WHAT TO DO – All lines from the one containing "딸의 편의점 알바 논란, 윤혜진 직접 해명 나서" through the end of the data below are to be repeated exactly, with pictures left out.

+-------+

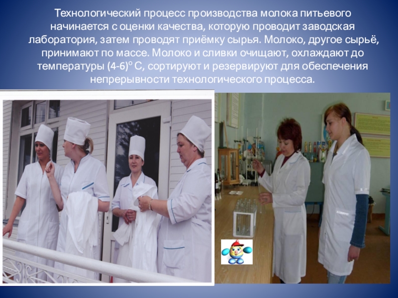 Слайд 22Технологический процесс производства молока питьевого начинается с оценки качества, которую проводит
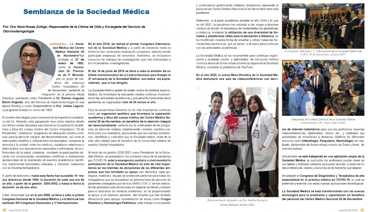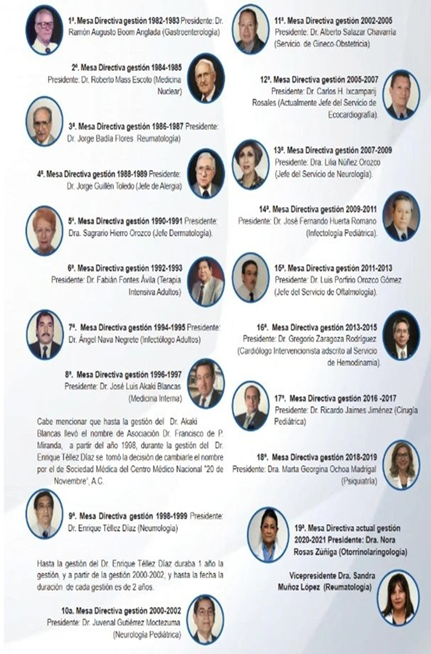 La historia de la Sociedad Médica del Centro Médico Nacional se remonta al 27 de enero de 1982, cuando fue fundada la Asociación Dr. Francisco de P. Miranda, por un grupo de médicos del entonces Centro Hospitalario "20 de Noviembre", mediante la integración de la primera Mesa Directiva, quedando como Presidente: Dr. Ramón Augusto Boom Anglada, Jefe del Servicio de Gastroenterología en esa época (finado), Vicepresidenta: Dra. Julieta Laguna, Secretario: Dr. Miguel Ángel Garcés de León, Tesorero: Dr. Jorge Guillén Toledo, Vocal de Pediatría Dr. Enrique Abogado Rodríguez, Vocal de Cirugía: Dr. Raúl A. Villalba Posada, Vocal de Medicina Crítica: Dr. Fabián Fontes Ávila, Vocal de Diagnóstico: Dr. Severino Tarasco Camino, Vocal de Extensión Hospitalaria: Dr. Fernando de la Torre Martín del Campo (finado), Vocal de Medicina Interna: Dr. Julián Medina Martínez (finado), Vocal de Gineco- Obstetricia: Dr. Luis Miguel Topete Orozco, cuya gestión finalizó en enero de 1983
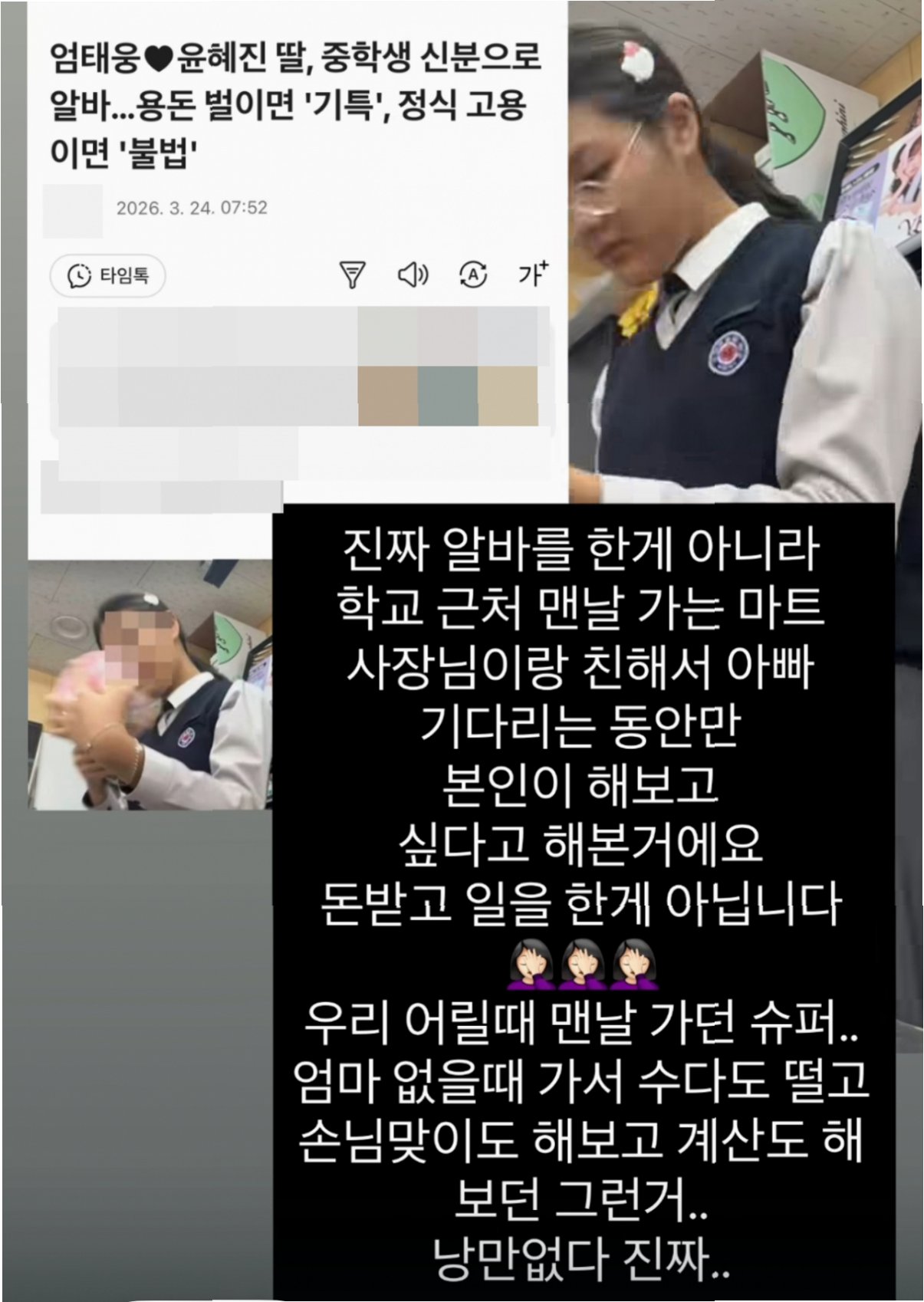 딸의 편의점 알바 논란, 윤혜진 직접 해명 나서
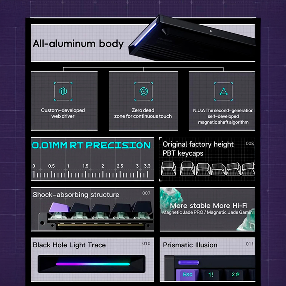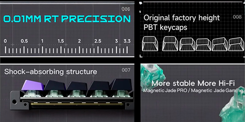 Trung tâm của trải nghiệm chính là High-Profile Magnetic Switches – switch từ tính cao cấp với độ nhạy cực cao, cho phép người dùng tùy chỉnh điểm kích hoạt chính xác tới 0.01mm. Công nghệ Rapid Trigger giúp phím có thể reset ngay khi người dùng nhấc tay lên nhẹ, mang lại độ phản hồi siêu nhanh, đặc biệt hữu dụng trong các tựa game FPS yêu cầu thao tác liên tục. Kết hợp cùng cơ chế N-key rollover không giới hạn, trải nghiệm chơi game và làm việc trở nên mượt mà, chính xác và hiệu quả hơn bao giờ hết.
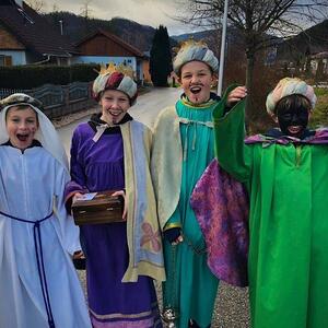 Die Sternsinger:innen bringen die weihnachtliche Botschaft in die Häuser und bitten um eine Spende für Menschen in armen Gegenden der Welt. Sie freuen sich, wenn sie freundlich aufgenommen werden.

+-------+

WRITTEN ANSWER –
 딸의 편의점 알바 논란, 윤혜진 직접 해명 나서
 Trung tâm của trải nghiệm chính là High-Profile Magnetic Switches – switch từ tính cao cấp với độ nhạy cực cao, cho phép người dùng tùy chỉnh điểm kích hoạt chính xác tới 0.01mm. Công nghệ Rapid Trigger giúp phím có thể reset ngay khi người dùng nhấc tay lên nhẹ, mang lại độ phản hồi siêu nhanh, đặc biệt hữu dụng trong các tựa game FPS yêu cầu thao tác liên tục. Kết hợp cùng cơ chế N-key rollover không giới hạn, trải nghiệm chơi game và làm việc trở nên mượt mà, chính xác và hiệu quả hơn bao giờ hết.
 Die Sternsinger:innen bringen die weihnachtliche Botschaft in die Häuser und bitten um eine Spende für Menschen in armen Gegenden der Welt. Sie freuen sich, wenn sie freundlich aufgenommen werden.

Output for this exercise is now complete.